8月はNHKが例年どおり、結論ありきの老人いじめみたいな特番を作っていたようだ。アメリカのヒストリーチャンネルは、数値化されたデータにもとづいて日本の戦闘機や戦艦を世界のベスト10に入れている。日本全体が平静にあの時代を振り返るまであと50年くらいかかるのだろうか。

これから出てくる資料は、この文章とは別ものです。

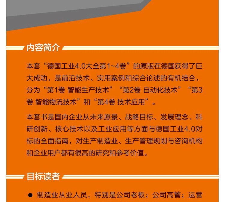 2014年本套“德國工業4.0大全 ~4卷”的版出版,名為《Industrie 4.0 in Produktion, Automatisierung und Logistik》,在工業4.0領域的專業文獻上邁出了重要的一步。但是,我們清楚地認識到,一本一直保持不變的書無法滿足當前技術快速發展的要求。因此,我們決定從第2版開始把版分為4卷,以建立德國工業4.0的框架。工業4.0如今在世界範圍內被廣泛討論並付諸實踐。本套書由一篇篇獨立的關於工業4.0在生產、物流和自動化領域中的課題文獻組成。第2版不僅對版的文獻進行了修訂,還在以下方面增加了許多新的文獻:價值生成的數字化工業4.0中的自動化應用場景信息物理系統的運行工業4.0中的工程應用自動化中的縱向和橫向集成工業4.0中的數據挖掘和數據分析及其法律問題工業4.0中的人與機器之間的相互作用作為信息物理系統一部分的智能電荷載......

恋愛パートについて。ヒロインが男に都合のいい女すぎるという声があるようだが、ドラマや少女漫画に出てくる男の嘘くささを思えば、おあいこではないのか。だいたいあの時代の女性には、仕事より自分を優先してくれとかレジャーに連れてってくれとか主張する役割は与えられていない。問題の喫煙シーンは、二人の若い男女のわがままの、かわいらしい妥協点だ。

『飛べ、ダコタ!』(油谷誠至監督)
昭和21年1月、佐渡島に不時着した要人機〈ダコタ〉と7人の搭乗員を、村人がとまどいながらも受け入れ、最後は滑走路建設にも協力して、あたたかく送り出した実話にもとづいた映画。まじめで手堅い作りだが、監督は『牡丹と薔薇』とかいう、今作とは真逆のドラマで有名な人らしい。寒風吹きすさぶ佐渡の山も海も迫力満点。抑えた色調も日本映画らしい落ち着きを醸し出す。比嘉愛未は、ほぼすっぴんでも美しく、情感がにじみ出る。邦画界は、今後もこの女優さんの映画を作るべし。英兵と村人の軋轢がなさすぎだとか、ヒロインが無防備すぎるとか、気になる部分は、窪田正孝演じる青年が補って(?)いる。将来を期待され、海軍兵学校に入学しながら、訓練中のけがにより帰郷。鬱々と過しながらかつての敵国人への敵意をつのらせる設定がいい。若手俳優は、薄っぺらい正義を語る役よりも、こういう鬱屈した、地に足の着いた人間を演じたほうが、役者としても人間としても成長できるはず。劇中、何度か出てくるお約束のお説教台詞には、「あーはいはい」と思うばかり。
『渾身』と同じく、ローカル発の良心的な佳作として、人々の目にふれてほしい。

『すべては君に逢えたから』(本木克英監督)
ずいぶんと急ごしらえの映画だったようだが、"それにしては"映画らしくなっていたクチか。東京駅ムービーと銘打った割には、駅の出番が少なすぎ。もっときれいに魅力的に撮ってもらいたかった。六つのエピソードの組み合わせはスムーズだが、やはり一番印象に残るのは遠距離恋愛カップルの話。木村文乃は好演だったし、彼女の脚本部分に一番味があった。黒山社長は『ファミリーコンプレックス』の山室社長に比べると­­­­­ーー役者ではなく映画の作りの問題で­­ーー深みのない記号でしかない。泣きたい時のDVDとかいう話に、テレビで見た気持ち悪い"涙活(るいかつ)"を思い出してしまった。松橋Pの作品は『KIDS』と『MW』以外あまり好みではない。

 

『蠢動』を見られないのが返す返すも悔しいことだ。来年末にはBSで放映してくれ!